Bu soruyu hangi konuda soruyorsunuz diye hemen aklınıza gelmiştir. Doğru bir soru.. Pek çok yönden bu soruyu sorabilir, hangisinin seçilen konuda daha başarılı ya da etkin olduğunu tartışabilirsiniz. İnanın çok konu var.
Benim bugün seçtiğim soru, çocuklarla geçirilen etkin zaman konusunda..
Çalışan anneler mi, yoksa çalışmayan anneler mi çocuklarıyla daha çok ve kaliteli zaman geçirirler?
Ben kendi açımdan bu soruya cevap vereceğim ama farklı düşüncelerin olması çok normal ve olması gereken de bu..
Öncelikli olarak ben çalışan bir annenin çocuğuyum.. Hem de bir bankada o dönemin zorlu çalışma şartlarında çalışmış bir annenin.. Çalışan bir annenin çocuğu olarak küçüklüğüme döndüğümde bazı sahneleri çok net hatırlıyorum.
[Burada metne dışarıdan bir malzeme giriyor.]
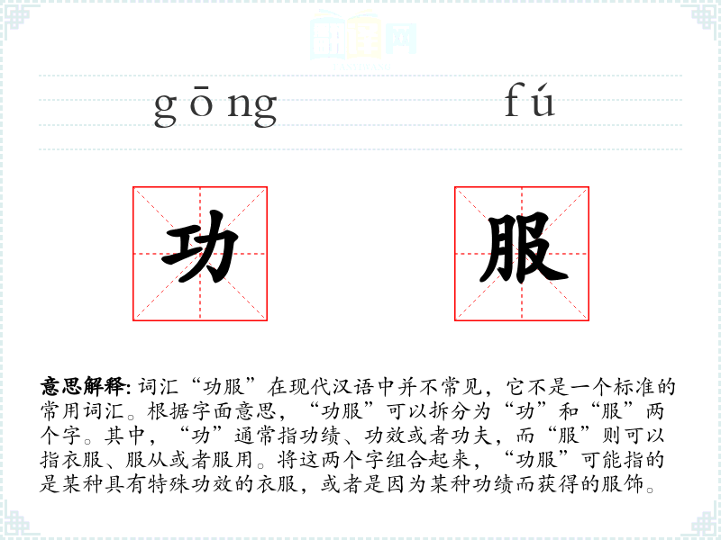 “功服”的字面意思可能是指具有特殊功效或象征意义的服装,或者是因为某种成就而特别设计的服装。
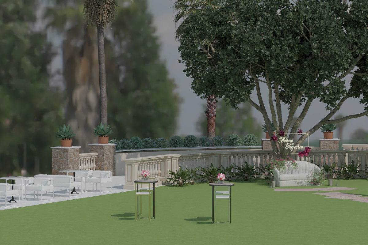 add fairy lights to the tree add flower arrangements at the right and left hand of the sofa the arrangements must be exactly next to the sofa with fuschia bougainvilleas and yellow roses make the arrangements look like two semi arches make them much smaller and remove the third arch make the arches even smaller and lower make the arches even smaller in size and add a bit of yellow flowers

Kardeşimle birlikte kreşlerde büyüdük, yazları ise okul tatil olduğunda bize halamlar baktı.. Annemin işe gitmesini hiç istemezdik, hatta bir gün Leyla Halam bize bakmak için eve geldiğinde ona “git buradan” diye terlik fırlattığımızı çok net hatırlıyorum. Çünkü onun gelişi bizim için annemizin gidişiydi.
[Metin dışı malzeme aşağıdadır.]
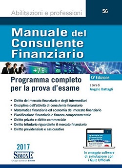 E’ uscita in libreria l’edizione 2017 de “Il Manuale del Consulente Finanziario”, Simone Edizioni Giuridiche, manuale completo per la preparazione dell’esame OCF per Consulente Finanziario, di Angelo Battagli in linea con i contenuti dei quesiti ufficiali OCF 2017.
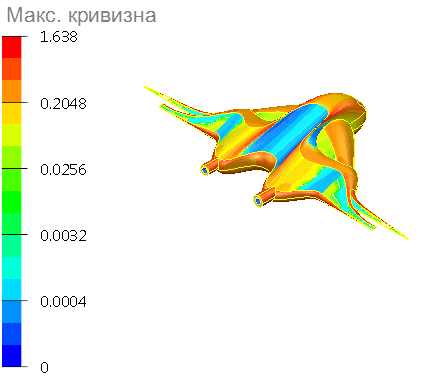 Тип шкалы - выберите Логарифмический или Линейный. С линейной шкалой кривизны можно увидеть изменение цвета закраски отчётливей, если кривизна поверхности резко изменилась. Чтобы получить более широкий диапазон кривизны на поверхности модели, используйте логарифмическую шкалу кривизны.

Annemin çalışan bir kadın olması gibi, yaşanılan bazı sıkıntılı şeyler yüzünden de zorlu bir büyüme süreci yaşadık… Ama herşeye rağmen çok ilginçtir ki hep de aklımda annemizle yaptığımız güzel şeyler var.. Bir de annemin işe giderken ki güzel ve bakımlı halleri halen aklımda.. Ve onu bu konuda örnek aldığımızı hep söylemek isterim..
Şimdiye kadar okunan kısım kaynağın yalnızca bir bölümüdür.